What to do: The entries below contain a line with "クッションを丸めてスナップボ" and a line with "Blockbuster news: Two". Retype exactly everything from the first down to the second, both included, and nothing else.

Given records:
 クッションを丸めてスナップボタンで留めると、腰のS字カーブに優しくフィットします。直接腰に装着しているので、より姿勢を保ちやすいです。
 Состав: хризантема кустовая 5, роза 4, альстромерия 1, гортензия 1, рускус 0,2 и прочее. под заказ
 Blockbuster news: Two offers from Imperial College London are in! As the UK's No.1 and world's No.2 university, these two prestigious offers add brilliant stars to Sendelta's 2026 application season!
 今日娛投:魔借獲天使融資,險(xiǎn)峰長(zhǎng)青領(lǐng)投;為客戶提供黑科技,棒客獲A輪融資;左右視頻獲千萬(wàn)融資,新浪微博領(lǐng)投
==
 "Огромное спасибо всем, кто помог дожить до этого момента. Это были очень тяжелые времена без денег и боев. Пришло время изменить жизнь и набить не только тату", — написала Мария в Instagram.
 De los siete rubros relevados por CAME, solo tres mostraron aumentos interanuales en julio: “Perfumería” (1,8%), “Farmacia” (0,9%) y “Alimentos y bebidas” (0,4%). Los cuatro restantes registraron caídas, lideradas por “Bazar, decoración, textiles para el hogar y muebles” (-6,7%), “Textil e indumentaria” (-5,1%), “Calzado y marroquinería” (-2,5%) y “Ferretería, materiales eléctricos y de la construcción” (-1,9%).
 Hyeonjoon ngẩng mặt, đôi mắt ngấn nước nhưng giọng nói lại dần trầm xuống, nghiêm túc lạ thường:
---
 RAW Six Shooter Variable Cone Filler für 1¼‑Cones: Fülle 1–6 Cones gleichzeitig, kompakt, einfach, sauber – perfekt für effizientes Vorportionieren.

Expected answer:
 クッションを丸めてスナップボタンで留めると、腰のS字カーブに優しくフィットします。直接腰に装着しているので、より姿勢を保ちやすいです。
 Состав: хризантема кустовая 5, роза 4, альстромерия 1, гортензия 1, рускус 0,2 и прочее. под заказ
 Blockbuster news: Two offers from Imperial College London are in! As the UK's No.1 and world's No.2 university, these two prestigious offers add brilliant stars to Sendelta's 2026 application season!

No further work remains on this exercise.